Beyond Bourbon Street

Faubourg Tremé

Tremé was the largest and most prosperous community of free people of color in America that was founded in 1810.

African American master craftsmen of the building trades greatly influenced the design and aesthetics of the ironwork, plastering, specialty carpentry, and brick and stone masonry that make the world-renowned architecture of New Orleans so unique.

The cradle of New Orleans African American culture is Congo Square where enslaved people were allowed to congregate on Sundays during antebellum times and preserve their African music, dance, and food traditions.

Cultural innovations of Tremé include the birth of jazz, social aid and pleasure clubs, Mardi Gras Indians, brass bands with second line parading, and distinctive forms of African American Christianity, both Roman Catholic and Protestant.

New Orleans was a French and Spanish city before it was incorporated into the United States as part of the Louisiana Purchase of 1803. Latin and urban attitudes towards slavery tended to be more relaxed than in the plantation South; slaves were allowed to walk freely through the city, to work for themselves and hence often to buy their freedom. New Orleans had the largest number of free people of color in the South, a dangerous anomaly in a slave society.

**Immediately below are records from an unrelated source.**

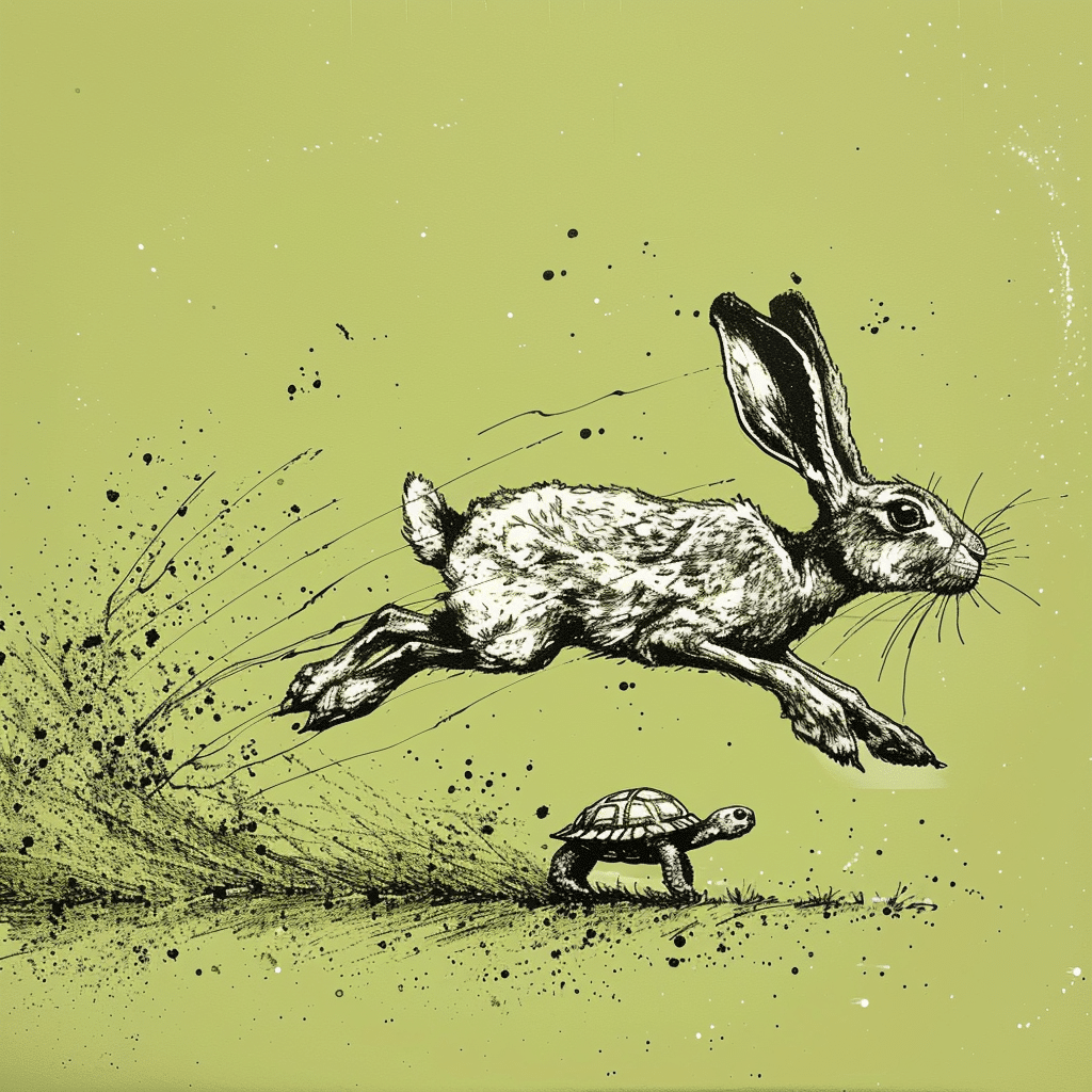 在一個熱鬧的森林裡,住著一隻跑得非常、非常快的兔子。他對自己的速度超級有自信,常常掛在嘴邊炫耀:「我跟你們說,我跑起來像一陣風!森林裡絕對沒有人跑得贏我!」 兔子聽到這句話,先是愣了一下,然後捧著肚子哈哈大笑,笑到眼淚都流出來了!「什麼?我沒聽錯吧?你要跟我比賽跑?哈哈哈,這真是天底下最好笑的笑話了!」…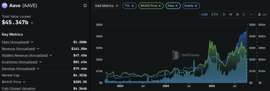 AAVE menunjukkan potensi recovery harga yang cukup menjanjikan pasca koreksi yang terjadi sejak 24 Agustus lalu. Ini didukung oleh meningkatnya adopsi dan kepercayaan investor terhadap platform DeFi Aave di tengah situasi pasar saat ini yang direfleksikan oleh peningkatan TVL platform tersebut. TVL Aave mencetak rekor tertinggi baru sepanjang masa menembus angka $45,3 miliar, diiringi angka pendapatan yang relatif stabil meskipun mengalami sedikit penurunan. Berlanjutnya tren positif ini dapat meningkatkan perhatian investor terhadap AAVE dan memberikan katalis positif bagi aset crypto tersebut.
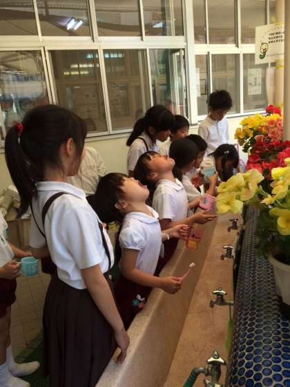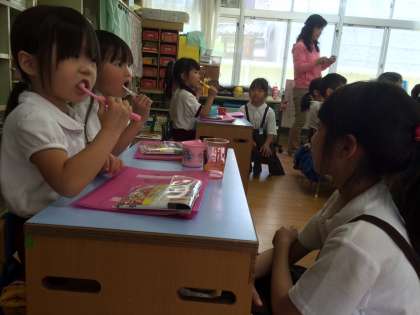 歯みがき、うがい、色塗りと、健康委員会の子ども達がずっと付き添って見てあげています。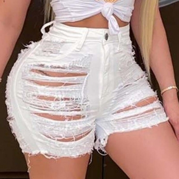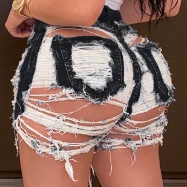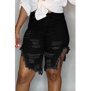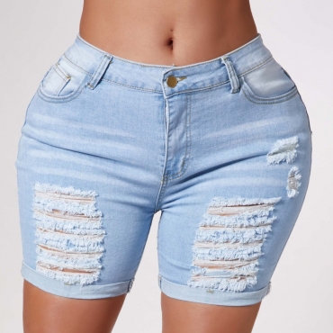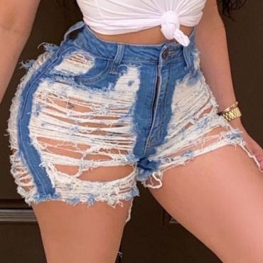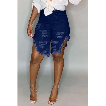 Lovely Trendy Broken Holes Deep Blue Shorts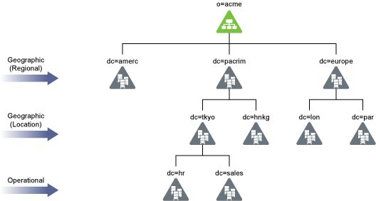 The alternative to the pyramid design is a flat tree that places all objects at one level of the tree. However, the flat tree design is not supported in DSfW. DSfW can have only one top level domain and all the other domains need to be organized underneath the top level domain.If you have mapped an existing container to a domain, you cannot map the sibling containers to create a domain. It is also not possible to partition the root container and map it to create a DSfW forest.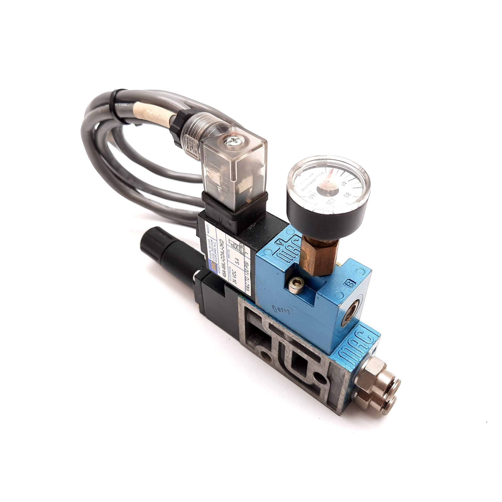 Used MAC 45A-MAJ-DDAJ-2KD Solenoid Valve, 2-Position 4-Port, 24VDC, With Regulator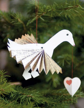 Klip gåsen ud i hvidt hobbykarton efter skabelonen, og lav en revne hvor anvist. Fold silke- eller bogpapiret til en vifte. Stik den igennem den udklippede revne i gåsen, og sæt den fast med lim, eller klips den til bagkroppen. Klip et lille hjerte ud i mønstret papir, og sæt den røde sytråd fast i næb og hjerte.

As the city outgrew its walls, a new district, Faubourg (suburb in French) Treme was constructed, a mixed neighborhood, a majority of whose residents were free people of color. The district developed its own institutions, for example, St. Augustine’s Church, the oldest predominantly black Catholic parish in the country. The district grew up around Congo Square where African American commerce flourished and a unique Creole culture emerged. Even today when Treme’s children go ‘second lining’ behind one of the city’s storied brass bands, their dances immediately reveal their African origins.